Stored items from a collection
§ §

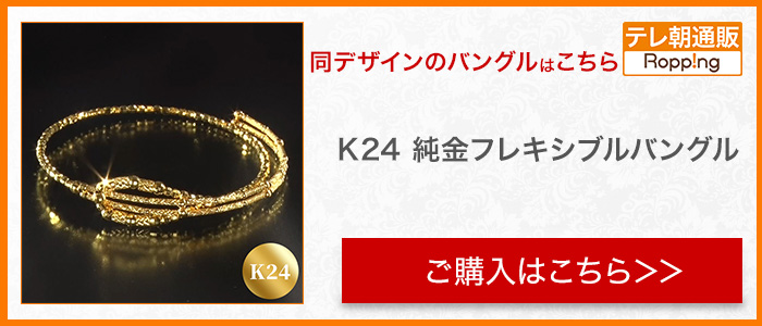純金は18金に比べ純度が高く柔らかいので激しい衝撃、摩擦を避け丁寧なお取り扱いをお願いします。お風呂、水仕事の時には必ず外してください。
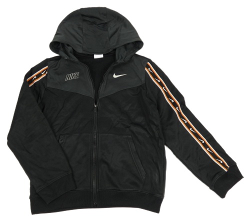 Černo-tmavošedá funkční sportovní propínací mikina s logy a pruhem a kapucí Nike
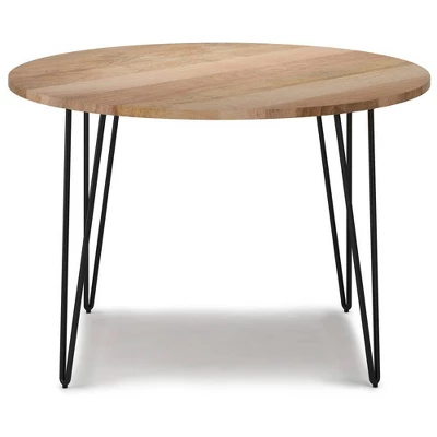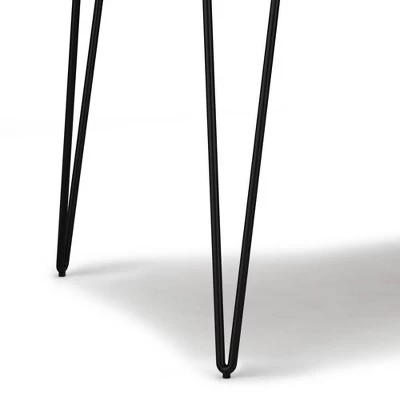 - Modern, Industrial design includes natural finished top , black metal frame and black hairpin legs
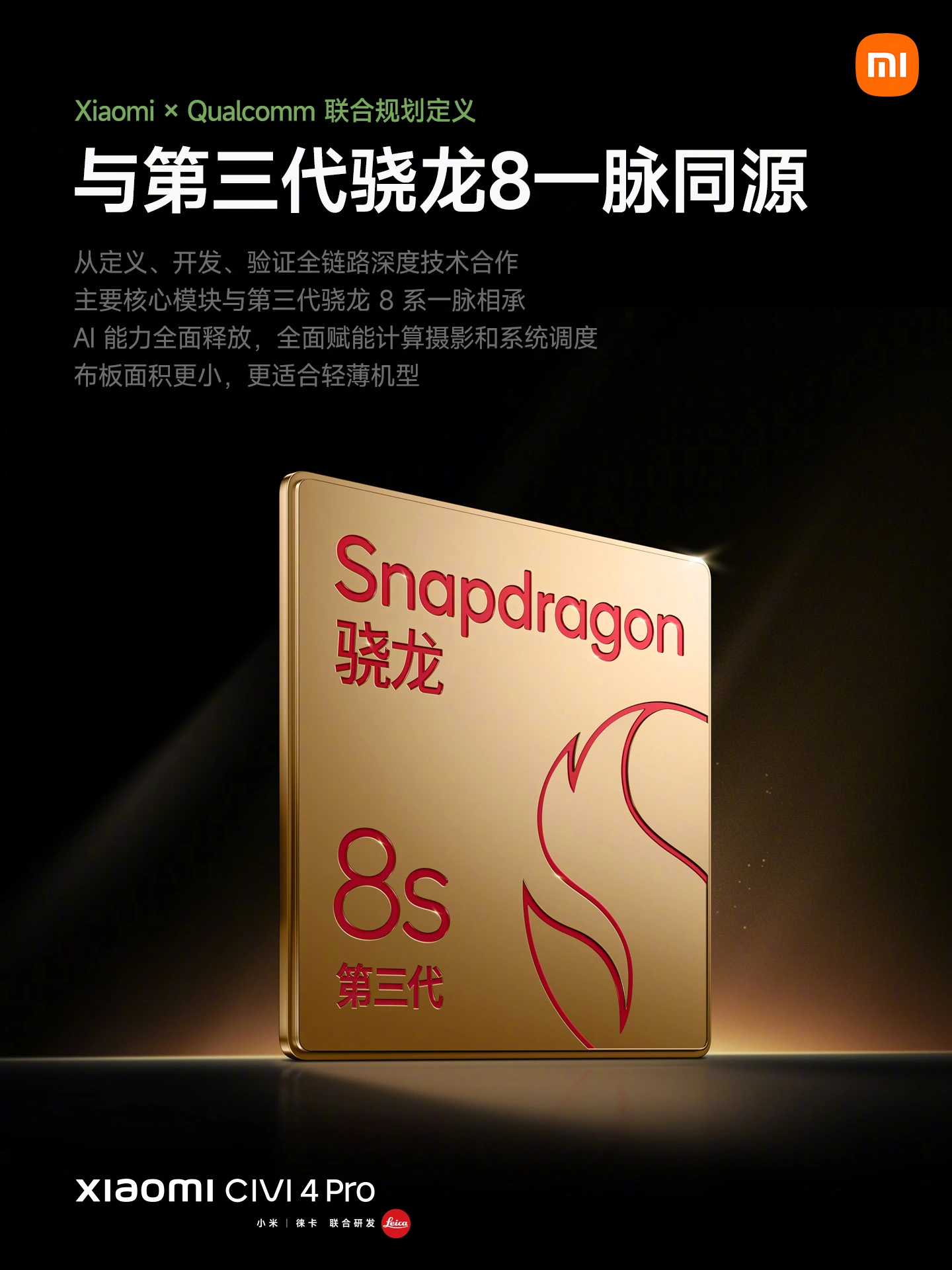 所以,在第三代骁龙 8s 的全方位赋能下,小米 Civi4 Pro 的 AI 体验也更上一层楼。
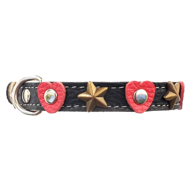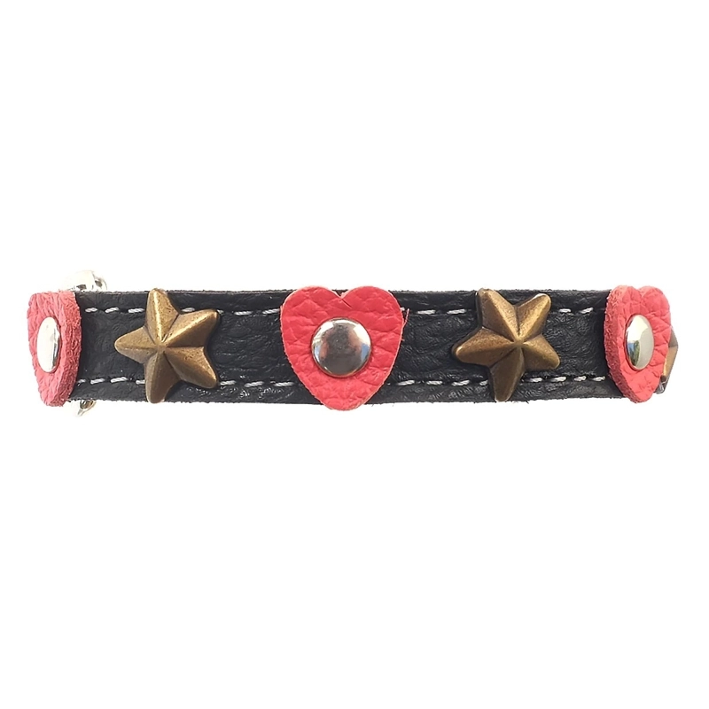 Afgewisseld met de hartjes zijn bronzen stervormige studs die een hemelse flair geven. Hun warme glans harmonieert met de rode hartjes en creëert een patroon dat voelt als een liefdesverhaal geschreven in de sterren. Voor katten met een sprankelende persoonlijkheid en een vleugje mysterie.
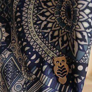 navy print, boho style, adjustable strap, removable cosmetic pouch, layered pattern, lightweight, textured fabric, casual chic, multi-color, summer accessory
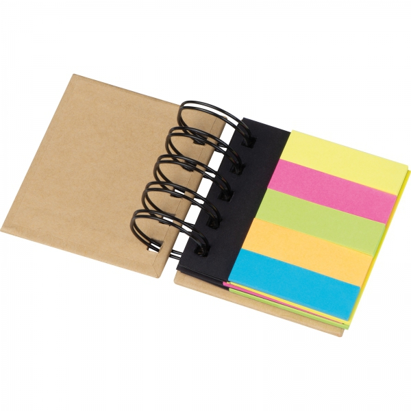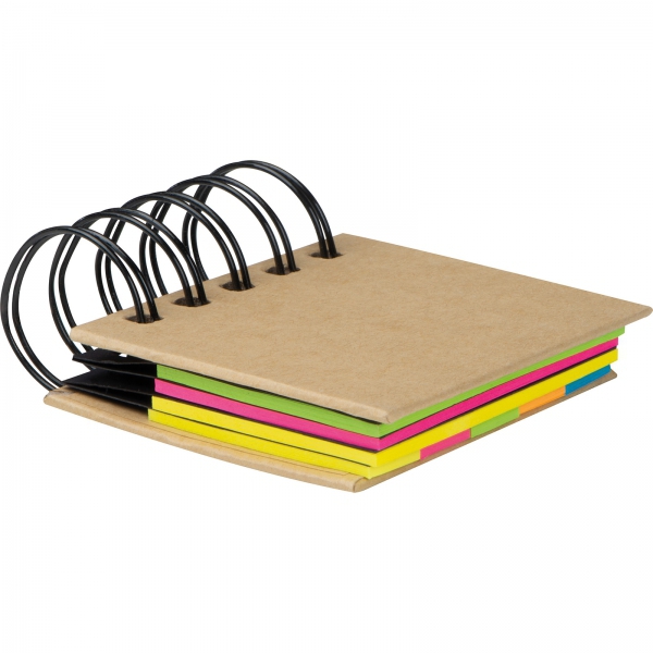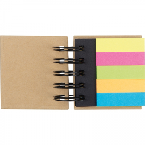 Zestaw karteczek w tekturowej okładce. Zawiera małe karteczki w 5 kolorach oraz 3 nieco większe bloczki (wszystkie samoprzylepne, po 25szt. w każdym kolorze).
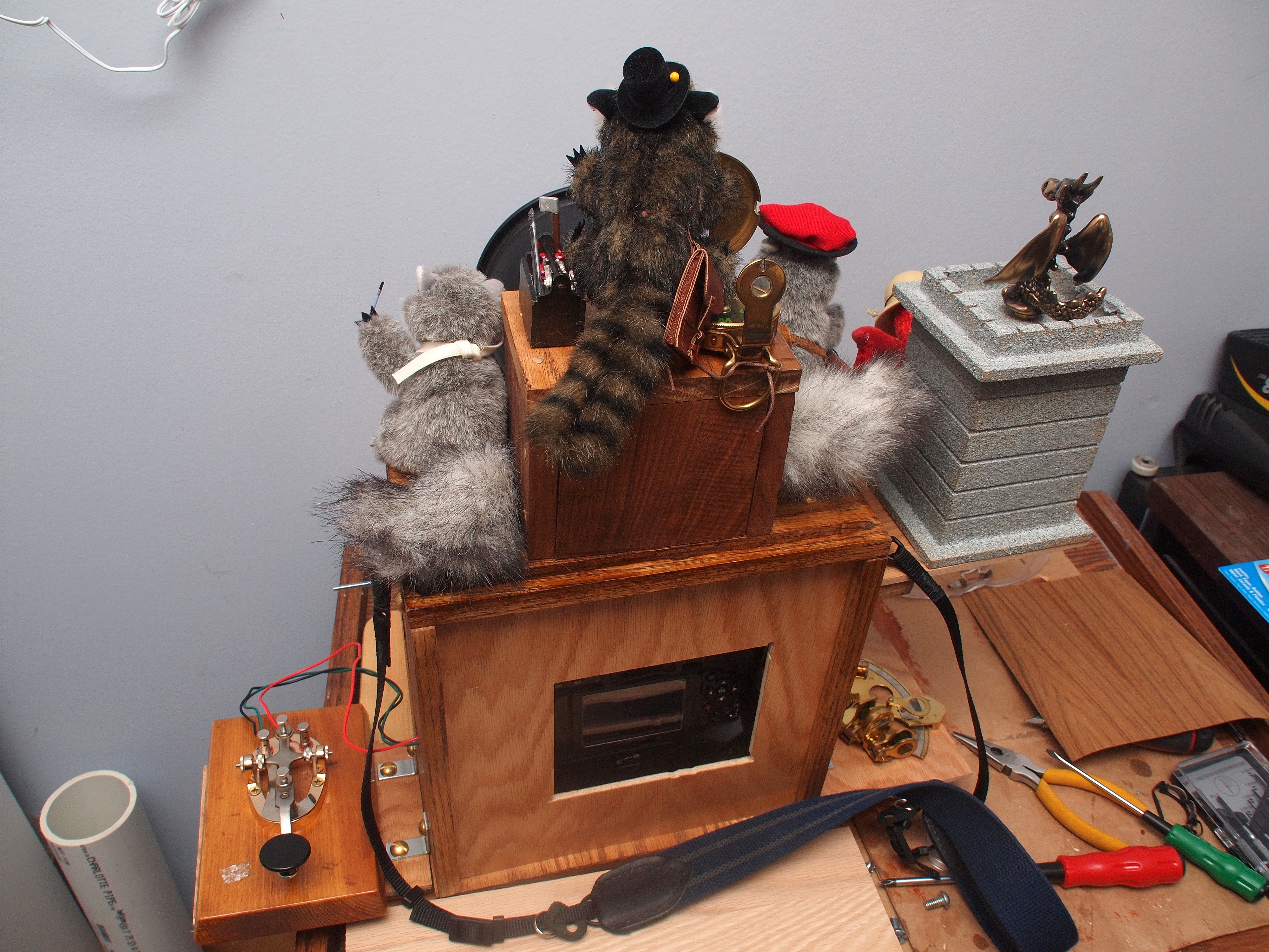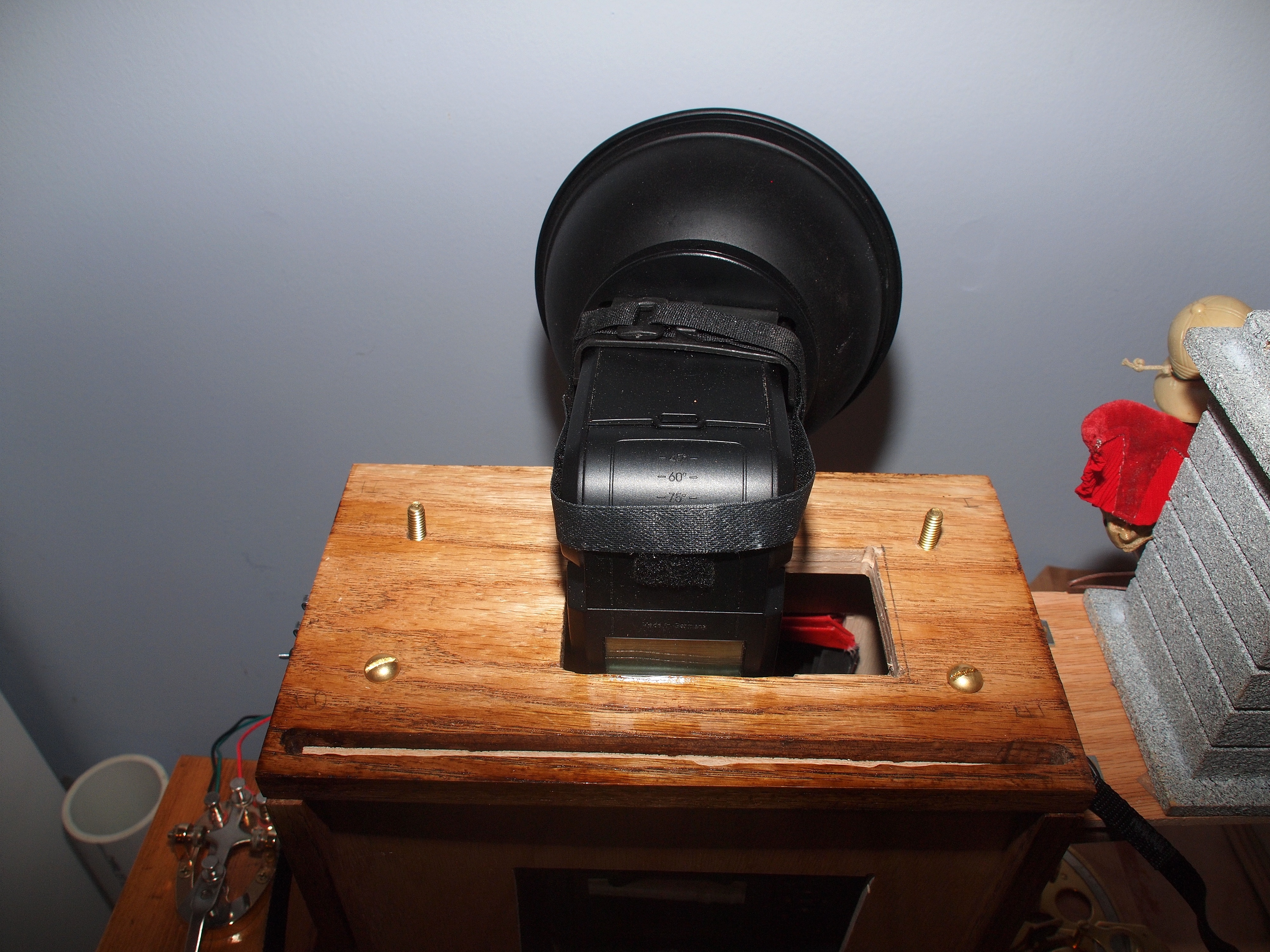 Picture #19: Telegraph key shutter release Small: 1000x773, 157,004 bytes (154K), (html file) Large: 4000x3000, 4,294,375 bytes (4.1M), (html file) Copyright, Michael Meissner 2012, All rights reserved Olympus E-P2 camera with Olympus-m43 14-150mm f/4.0-5.6 lens f/8.0, ISO 200, FL-36 flash (+0.33 flash compensation), 1/60 sec, 22.0mm, aperture priority, vivid color, SHQ, matrix metering, IS1 (All Direction Shake IS), noise reduction auto, noise filter low 35mm equivalent focal length 44.0mm Extra equipment used: Olympus FL-36 flash Programs used: crop, raw therapee Taken by Michael Meissner on May 13, 2012 22:58:00 Last modified on May 16, 2012 at 08:43 |
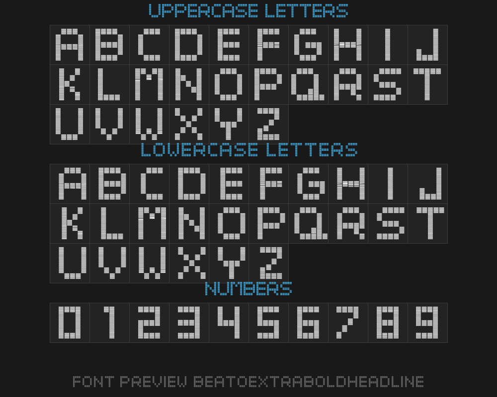 | Font description | Beato ExtraBold Headline is a font by PYRS Fontlab Ltd. Made with FontLab, designed by RAVI KUMAR in 2013. |

§ §

The data should be printed again unchanged; leave its pictures out.

純金は18金に比べ純度が高く柔らかいので激しい衝撃、摩擦を避け丁寧なお取り扱いをお願いします。お風呂、水仕事の時には必ず外してください。
 Černo-tmavošedá funkční sportovní propínací mikina s logy a pruhem a kapucí Nike
 - Modern, Industrial design includes natural finished top , black metal frame and black hairpin legs
 所以,在第三代骁龙 8s 的全方位赋能下,小米 Civi4 Pro 的 AI 体验也更上一层楼。
 Afgewisseld met de hartjes zijn bronzen stervormige studs die een hemelse flair geven. Hun warme glans harmonieert met de rode hartjes en creëert een patroon dat voelt als een liefdesverhaal geschreven in de sterren. Voor katten met een sprankelende persoonlijkheid en een vleugje mysterie.
 navy print, boho style, adjustable strap, removable cosmetic pouch, layered pattern, lightweight, textured fabric, casual chic, multi-color, summer accessory
 Zestaw karteczek w tekturowej okładce. Zawiera małe karteczki w 5 kolorach oraz 3 nieco większe bloczki (wszystkie samoprzylepne, po 25szt. w każdym kolorze).
 Picture #19: Telegraph key shutter release Small: 1000x773, 157,004 bytes (154K), (html file) Large: 4000x3000, 4,294,375 bytes (4.1M), (html file) Copyright, Michael Meissner 2012, All rights reserved Olympus E-P2 camera with Olympus-m43 14-150mm f/4.0-5.6 lens f/8.0, ISO 200, FL-36 flash (+0.33 flash compensation), 1/60 sec, 22.0mm, aperture priority, vivid color, SHQ, matrix metering, IS1 (All Direction Shake IS), noise reduction auto, noise filter low 35mm equivalent focal length 44.0mm Extra equipment used: Olympus FL-36 flash Programs used: crop, raw therapee Taken by Michael Meissner on May 13, 2012 22:58:00 Last modified on May 16, 2012 at 08:43 |
 | Font description | Beato ExtraBold Headline is a font by PYRS Fontlab Ltd. Made with FontLab, designed by RAVI KUMAR in 2013. |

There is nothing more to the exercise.